● **What the task requires**: The output should match, line for line, the records from the line containing "但是有时会发现信件详情页面没" through the line containing "最近,深圳一家物业公司提出了", with every picture left out.

[[ Record set open ]]

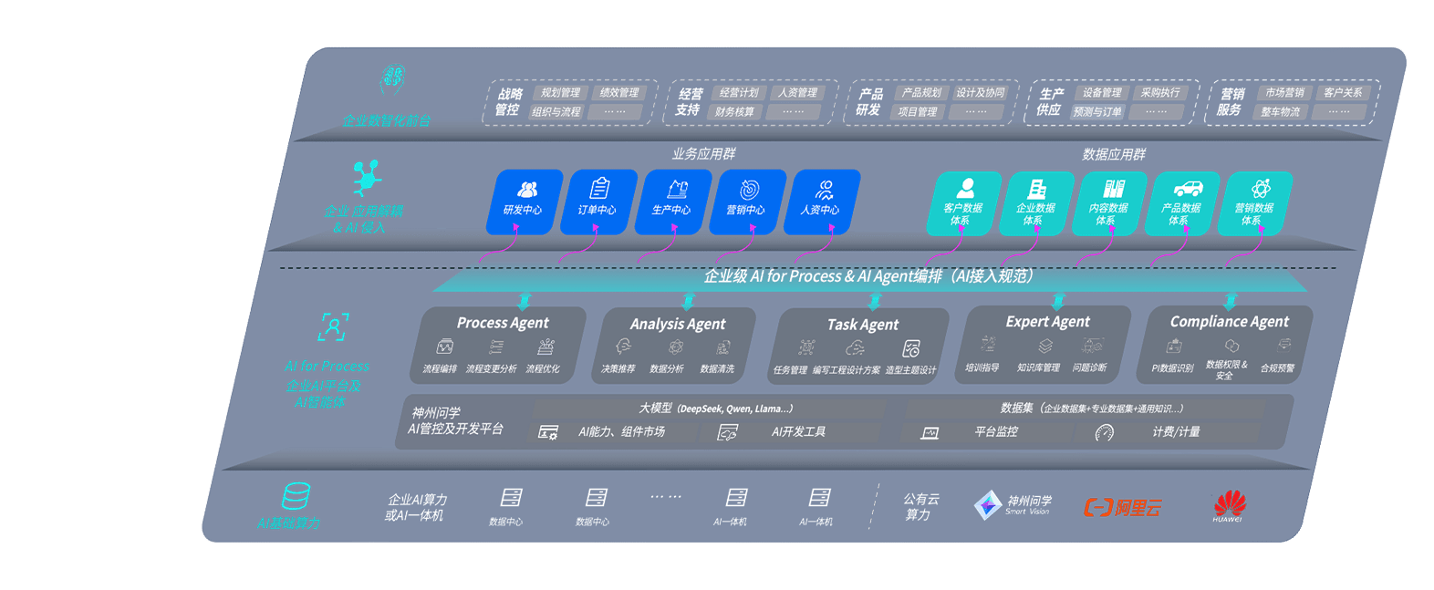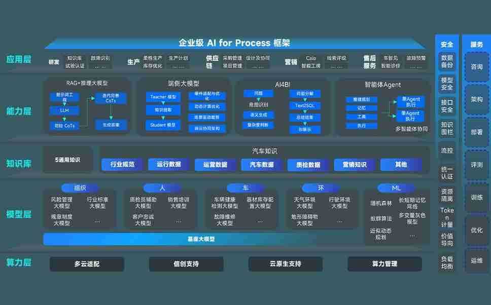 尊时凯龙问学智车解决方案是一套基于AI技术的汽车行业智能化系统,,,覆盖从底层算力到顶层AI应用的全栈方案。。方案由算力层、、模型层和应用层组成:算力层,,方案支持多种一体机配置,,,具备云端灵活部署、、、多云适配以及动态优化计算资源的能力;模型层,,尊时凯龙问学平台版提供了企业级AI应用一站式构建与管理平台,,支持基于后训练强化技术的汽车企业专属模型的训练、、、评测和运营;应用层,,,,尊时凯龙问学DeepSeek版提供包括超级员工、、、、智能招采、、智能营销、、、智能客服、、、、AI for BI等一系列解决方案,,,可助力汽车行业实现数字化转型,,让管理更智能、、、、响应更敏捷。。
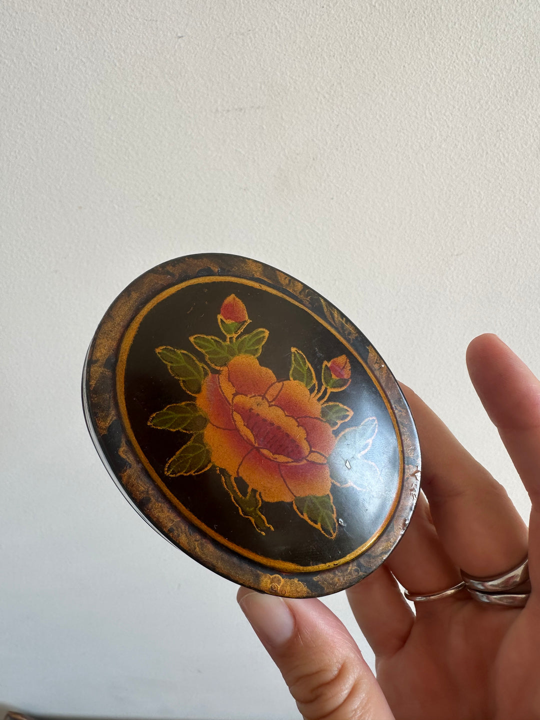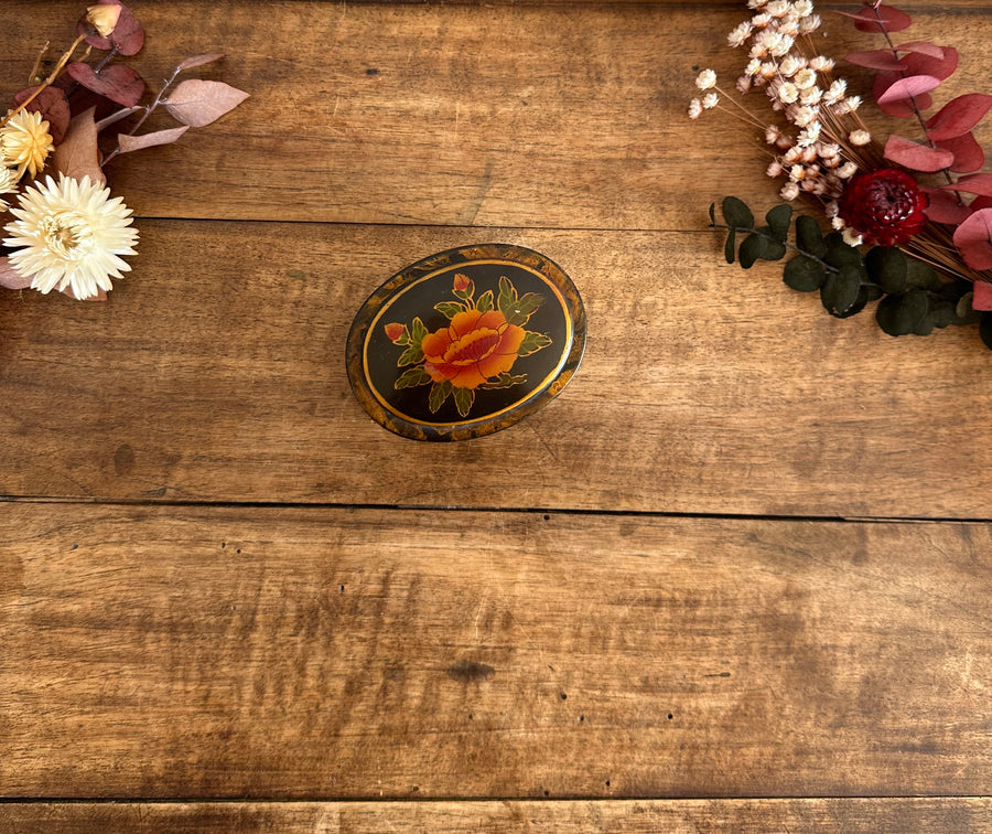 Jolie petite boite à bijoux en plastique décoré de motifs fleuris. Estimation années 70-80.
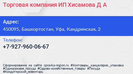 Торговая компания, ИП Хисамова Д.А. по адресу 450095, Башкортостан, Уфа, Кандринская, 2 в дальнейшем Организация, размещена в следующих категориях:
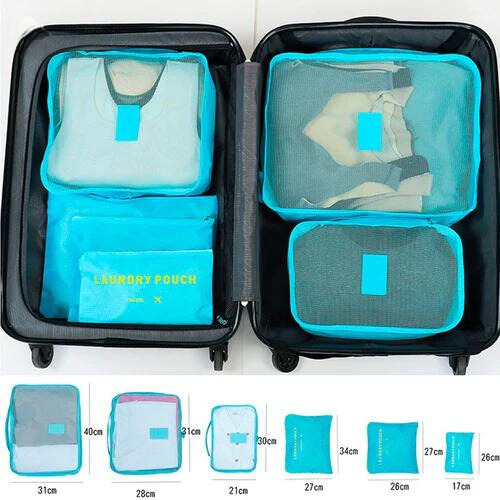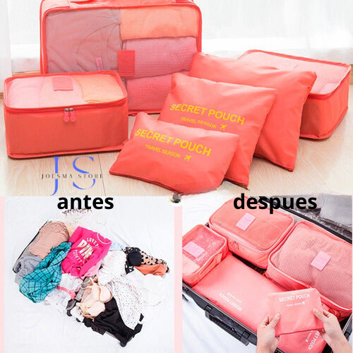 Descubre nuestro Organizador de Equipaje, un conjunto de 6 bolsas de viaje esenciales que transformarán tu experiencia de viaje.
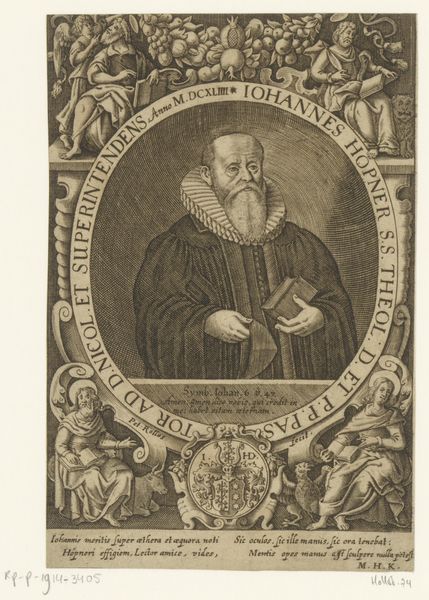 Robert Boissard's "Portret van Heinrich Meibom" was made as an engraving. It offers a window into the cultural and intellectual life of the 17th century. The portrait, framed by ornate designs including cherubs and swans, presents Meibom not merely as an individual, but as a figure of civic and intellectual importance within his community, signified by the inscription highlighting his role as a poet and historian. Boissard, working in the Dutch Republic, a hub of intellectual and artistic innovation, was catering to a market that valued learnedness and public service. The choice of engraving as a medium speaks to the democratisation of knowledge, making the likeness of notable figures like Meibom accessible to a wider audience than painted portraits would allow. To fully grasp the portrait's significance, scholars consult archival materials to better understand the institutions and social networks that shaped Meibom’s world. In doing so, we can better understand the public role of art.
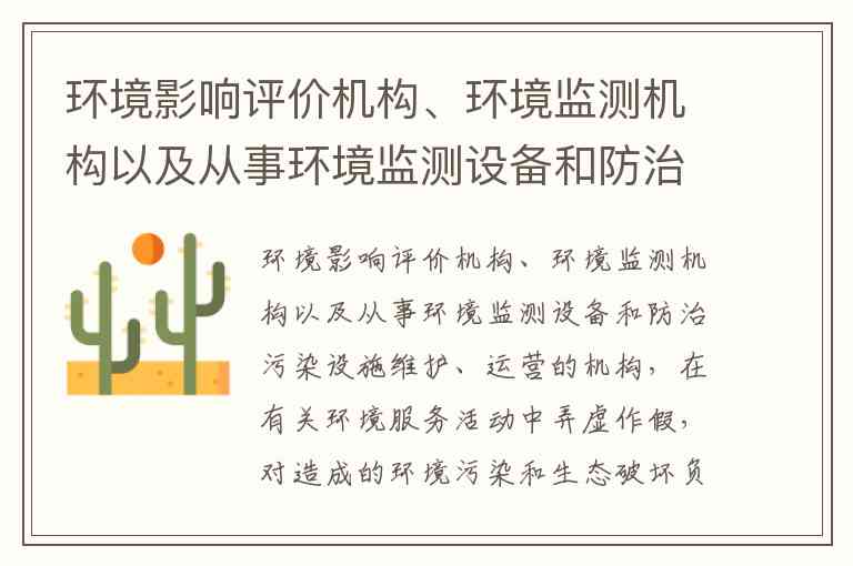 根据《中华人民共和国环境保护法》第六十五条明确规定,环境影响评价机构、环境监测机构以及从事环境监测设备和防治污染设施维护、运营的机构,在有关环境服务活动中弄虚作假,对造成的环境污染和生态破坏负有责任的,除依照法律法规予以处罚外,还应当与其他责任者承担连带责任。这一制度设计旨在强化环境服务机构的法律约束,通过"连带担责"倒逼其规范执业。
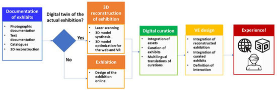 The results of the digitization undertake several steps, including the synthesis of different scans to implement the synthetic model of the exhibition, and the optimization of the 3D model so that it is appropriate for real-time rendering on the Web and in VR. In the second case, the design of the digital exhibition is performed online by facilitating the exhibition designer of the Invisible Museum platform. The outcomes of both variations of the methodology are the shell of the exhibition in a digital form as a 3D model.
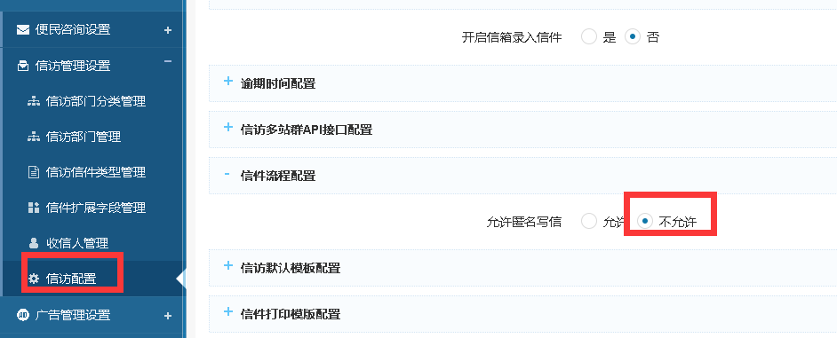 但是有时会发现信件详情页面没有这个按钮,原因为要在平台中关闭匿名写信,也就是必须禁止匿名写信,才能退回给写信人:
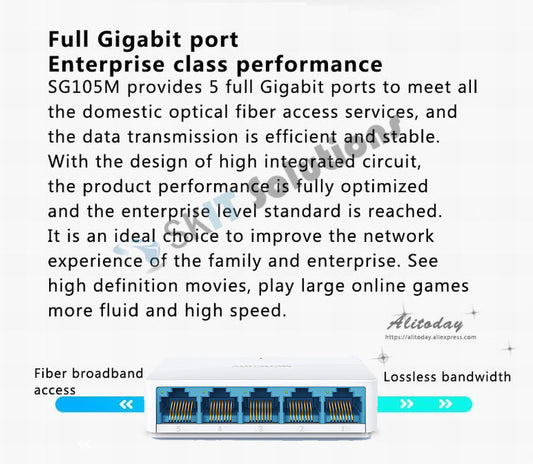 Mercury SG105C 5 Port Gigabit Ethernet Network Desktop Switch 10/100/1000Mbps RJ45 LAN Plug Play Hub
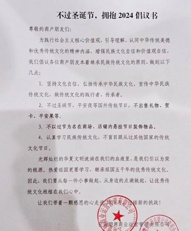 最近,深圳一家物业公司提出了一个引发广泛讨论的倡议:不过圣诞节,拥抱2024。该倡议书鼓励人们坚持文化自信,不庆祝外国的传统节日,并强调了学习和继承民族传统文化的重要性。这份倡议书迅速引起了公众对于文化自信与全球化背景下的文化交流之间关系的反思。
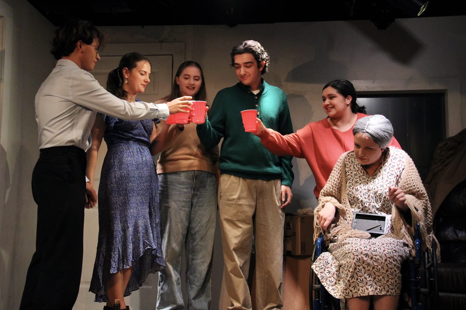 As soon as the play began, I forgot I was watching college students. The makeup and costume teams masterfully transformed Lyle into an elderly woman and Viana and Levinger into middle-aged parents. Under Fynewever’s direction, the actors fully embodied their characters. Levinger and Rivero perfectly captured the father/son-in-law relationship with Rivero’s attempt to find common ground and Levinger playing. Viana’s mannerisms and tone of voice perfectly captured those of a mother who feels like she is losing her sway over her daughters. Toloszko and Golden had very good chemistry as sisters — their subtle looks at each other when Deirdre made an awkward comment and their laughter as they shared inside jokes were very realistic. Lyle’s performance was particularly striking. Despite being a college junior, her portrayal of Momo’s dementia felt extremely real. I could feel her wariness and confusion throughout the play, and her breakdown was especially chilling.
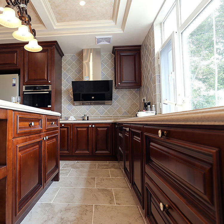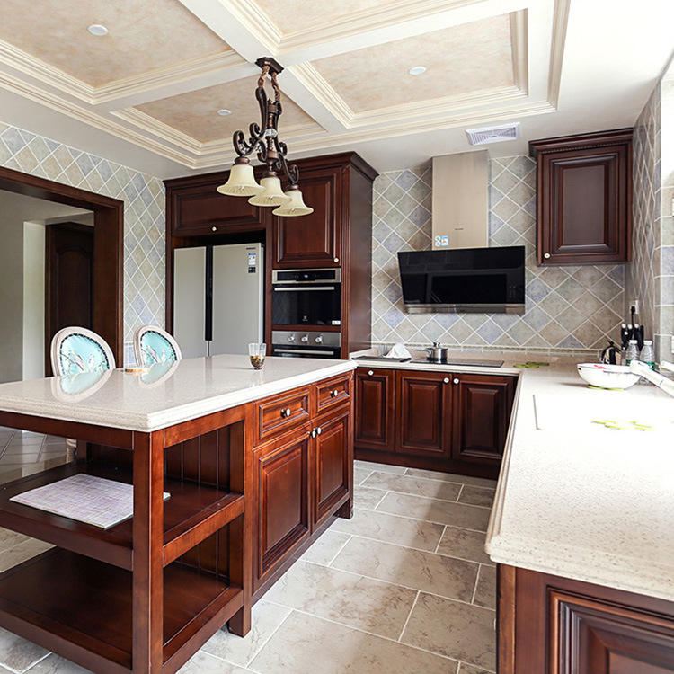 Armoire de cuisine moderne en forme de L conçue sur mesure Armoires modulaires en bois de cerisier de style ferme en bois massif naturel pour cuisines

[[ Record set closed ]]

● **Task response**:
 但是有时会发现信件详情页面没有这个按钮,原因为要在平台中关闭匿名写信,也就是必须禁止匿名写信,才能退回给写信人:
 Mercury SG105C 5 Port Gigabit Ethernet Network Desktop Switch 10/100/1000Mbps RJ45 LAN Plug Play Hub
 最近,深圳一家物业公司提出了一个引发广泛讨论的倡议:不过圣诞节,拥抱2024。该倡议书鼓励人们坚持文化自信,不庆祝外国的传统节日,并强调了学习和继承民族传统文化的重要性。这份倡议书迅速引起了公众对于文化自信与全球化背景下的文化交流之间关系的反思。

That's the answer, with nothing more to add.